Exact same thing can happen with any computer or hard drive based device (however you'd find that it just won't boot). HR20 has some recovery software so that it tries to recover. If your hard drive fries on a Mac or PC or Tivo it's just plain fried and up to you to fix it.

Not sure what you expect when you have a power outage without a UPS for protection, any hard drive can be fried.

Highly recommend you get an UPS to put all your DVRs on so that they will be protected from spikes and such.

Sorry for the problem and good luck. But it certainly isn't the fault of the HR20.


----------



## Sir_winealot (Nov 18, 2000)

We've had 2 instances in the last 6 months where _all_ our saved programming has been completely wiped out on the HR20.

In the many years that I've owned TiVo's we've never experienced this. Unfortunately it seems this is something more prevalent on the new DVR's, as mine isn't an isolated incident.

Sorry this happened to you.


----------



## bonscott87 (Oct 3, 2000)

It's certainly an indication of a bad hard drive. When this happened to my old T-60 it just wouldn't boot up at all or would take a really long time to boot up and then it would lock up right away. On the HR20 they built in this function that if it detects a bad drive to mark the sectors as bad and format to try to recover instead of just locking up or not booting at all. Your call on what is better I guess.
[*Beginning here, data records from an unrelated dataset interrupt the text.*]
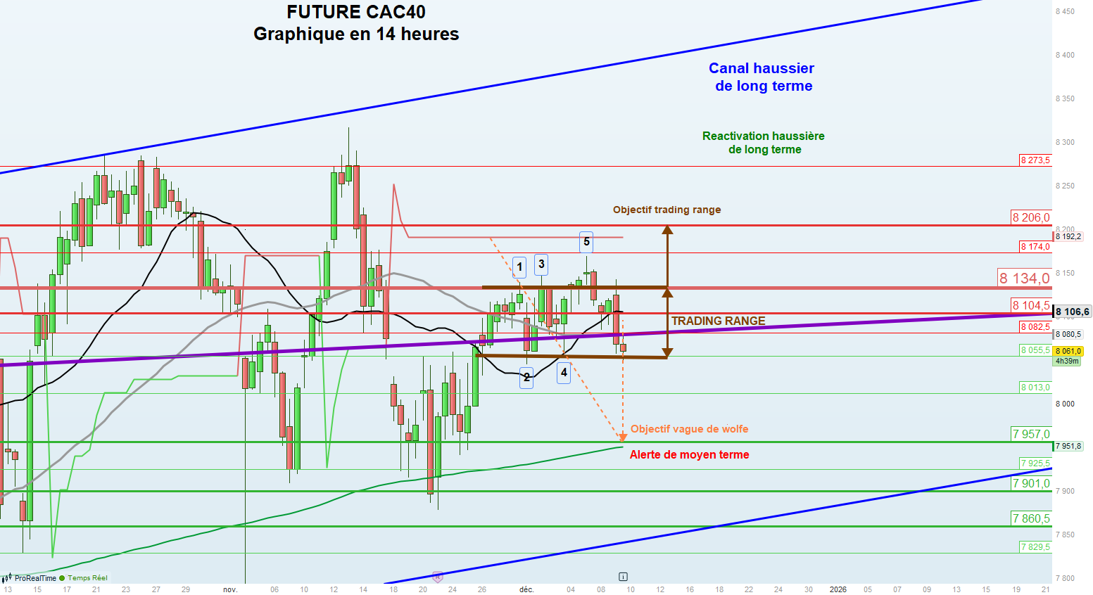 Graphiquement, le Future CAC 40 (cf. graphique en données 14 heures) a réintégré le trading range délimité entre 8 055,5 et 8 134 points, configuration latérale en vigueur depuis le 26 novembre, après une fausse échappée haussière rapidement avortée en fin de semaine dernière. L’indice évolue désormais dans une vague de Wolfe baissière, dont la cible théorique se situe à 7 957 points. Tant que ce niveau d’alerte de moyen terme demeure préservé en clôture, la pression vendeuse reste contenue. En revanche, une cassure de ce support raviverait la dynamique baissière et orienterait les cours vers la partie inférieure du canal haussier de long terme, actuellement positionnée à 7 843 points. La rupture de cette oblique structurante, couplée à celle de la zone de soutien comprise entre 7 696 et 7 644 points, ouvrirait la voie à une accélération baissière marquée en direction de la ligne de cou du triple top située à 7 048 points.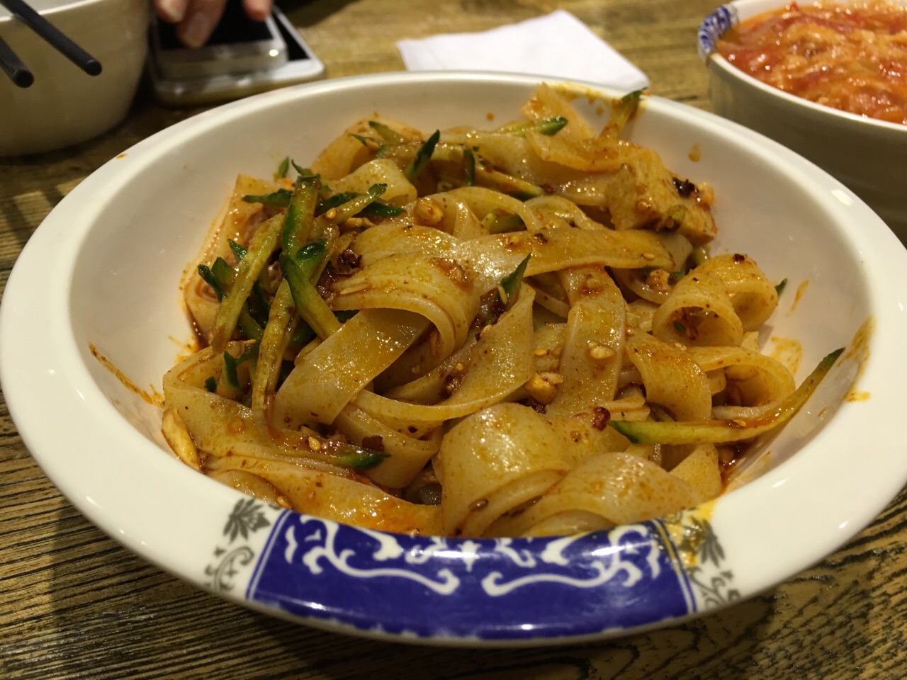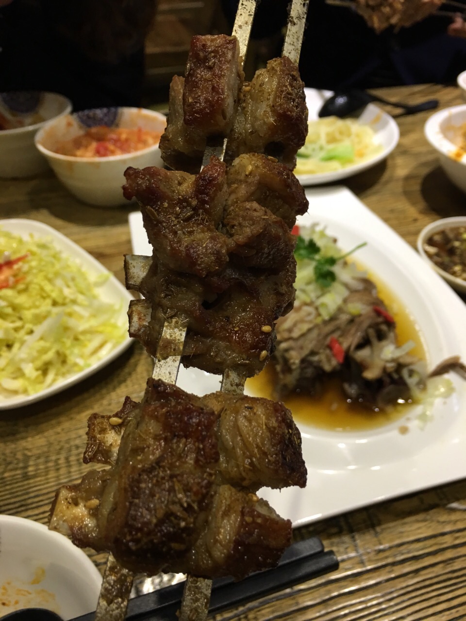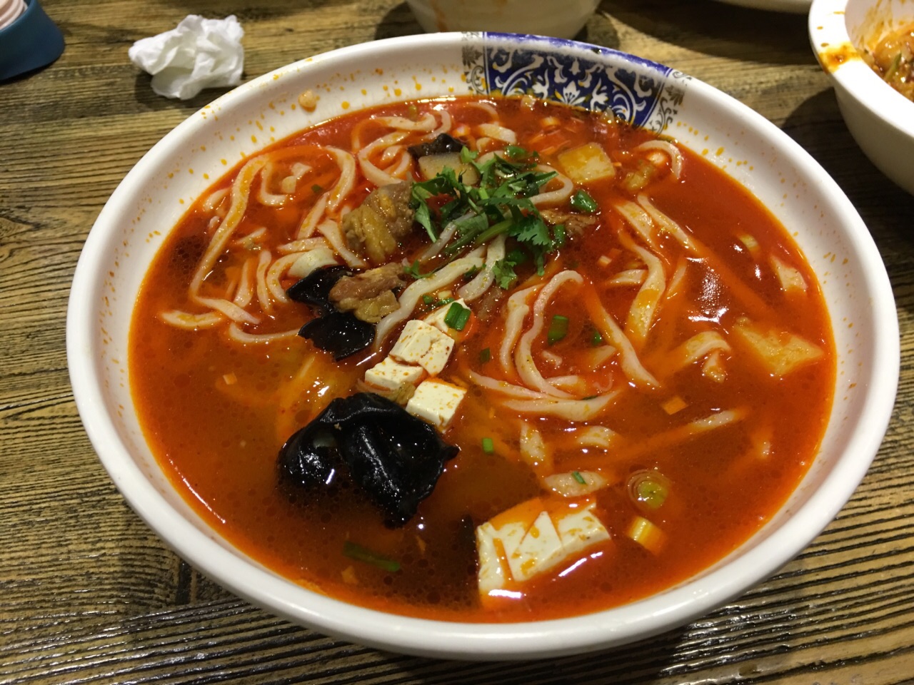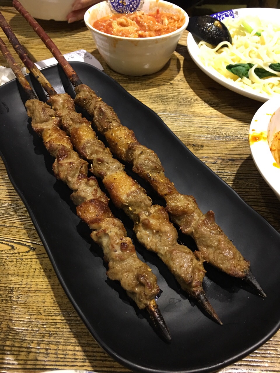 店内装饰走西北风,做的也大多是那边的菜品。宁夏的滩羊肉、羊肉臊子面和陕西的凉皮、面食等等构成了他家的主要食物种类。 和其他中式餐厅不太一样的是这里点餐需要先去吧台,点单完毕等着上餐就可以了,算是借鉴了KFC之类的方式。饭点人员集中的时候就要排队点餐了,所以最好提前想好吃什么,要是排队的时候再想点什么菜会耽误后面排队者的时间。 #烤滩羊肉# 作为肉食动物来这里吃饭必点的,滩羊肉吃起来没什么膻味,火候控制的也还行; #羊肉臊子面# 大概是这么个名字,作为主食,辣香口味,羊肉面里面有土豆木耳豆腐,汤多,一碗面差不多能吃饱; 凉皮味道也还可以,随便吃吃还是可以的。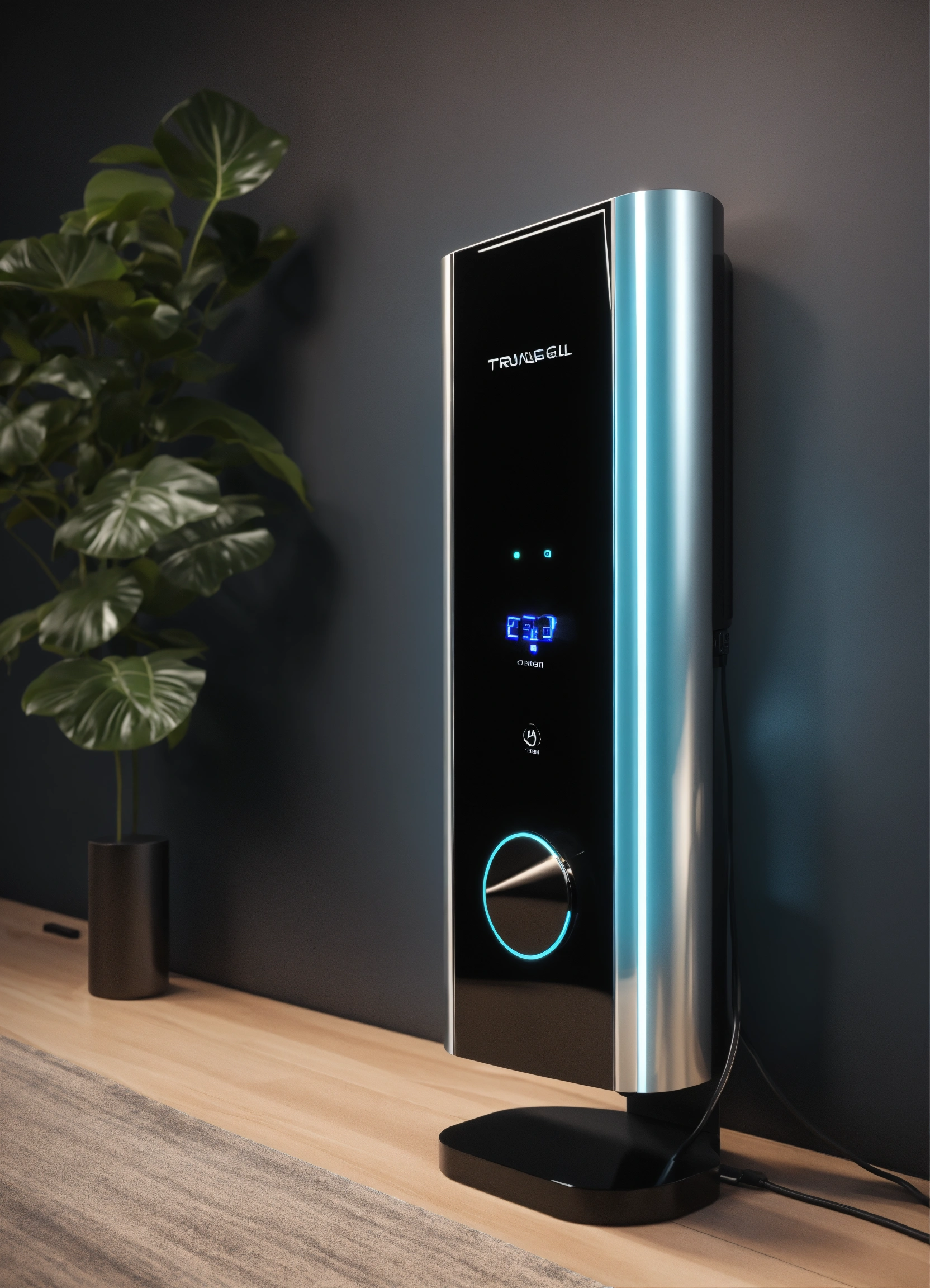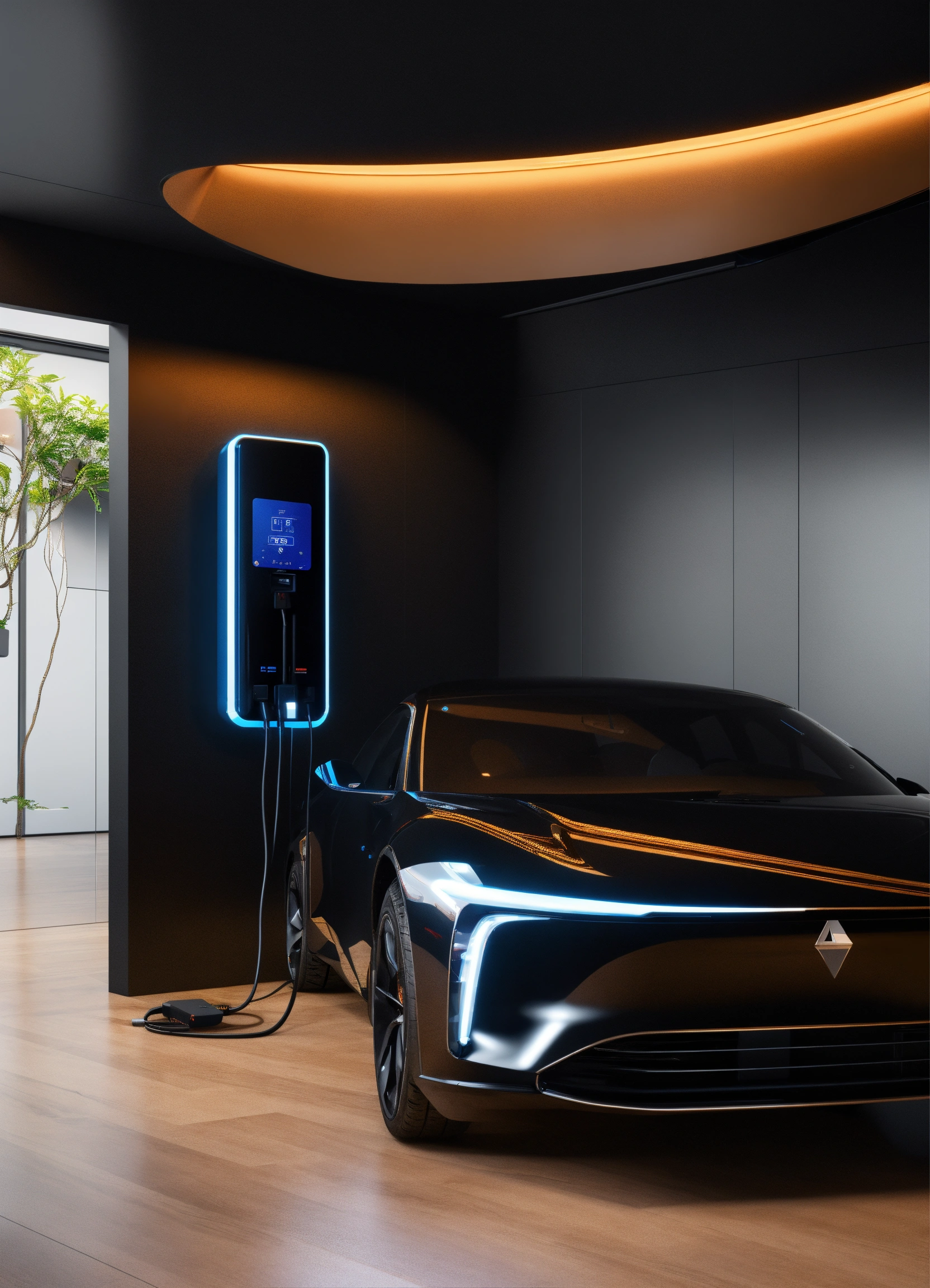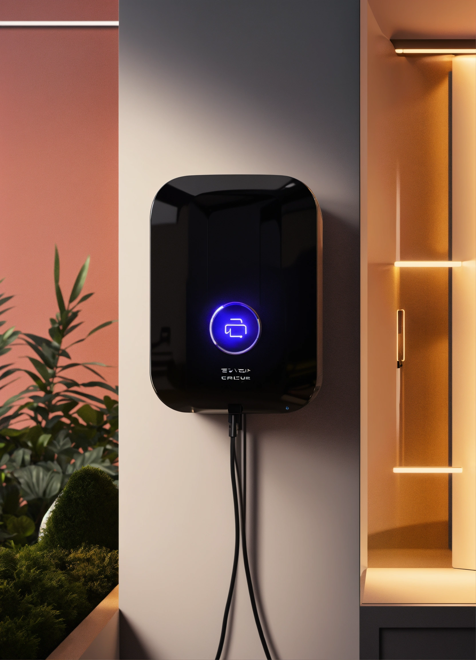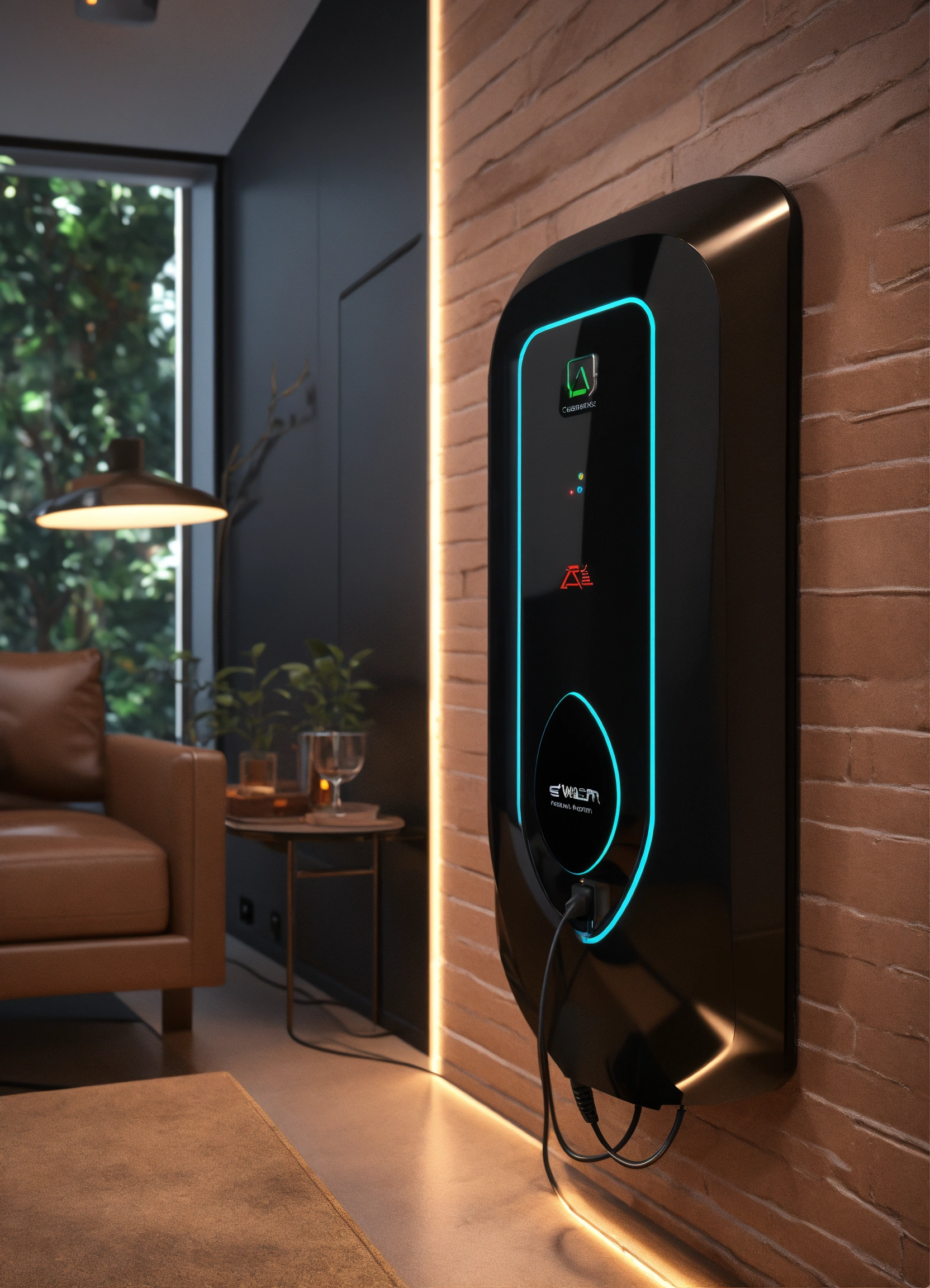 Small black wall mounted portable 11kw ev home charger, hi gloss, triangular top design, futuristic, tron, realistic, 3d, unreal engine, 8k

In any case, if this has happened to you I would certainly call DirecTV for a replacement receiver because if the drive was bad before it still is bad and could happen again.


----------



## Sir_winealot (Nov 18, 2000)

Doesn't sound like bad hard drive:

http://www.dbstalk.com/showthread.php?t=92939


----------



## RS4 (Sep 2, 2001)

Yeah, it looks like the hard drives must be going out all over the place according to that thread, huh Scott?


----------



## gio1269 (Jul 27, 2006)

Sir_winealot said:


> We've had 2 instances in the last 6 months where _all_ our saved programming has been completely wiped out on the HR20.
> 
> In the many years that I've owned TiVo's we've never experienced this. Unfortunately it seems this is something more prevalent on the new DVR's, as mine isn't an isolated incident.
> 
> Sorry this happened to you.


Yep same here on 3 HR10-250 that died. Had to send them back and lost all my shows   .


----------



## bonscott87 (Oct 3, 2000)

Look, it has been explained that if the hard drive is bad it may do this. The guy says the power went out and afterwords it did this. Thus the probablity of a bad sector or two is pretty good wouldn't you say?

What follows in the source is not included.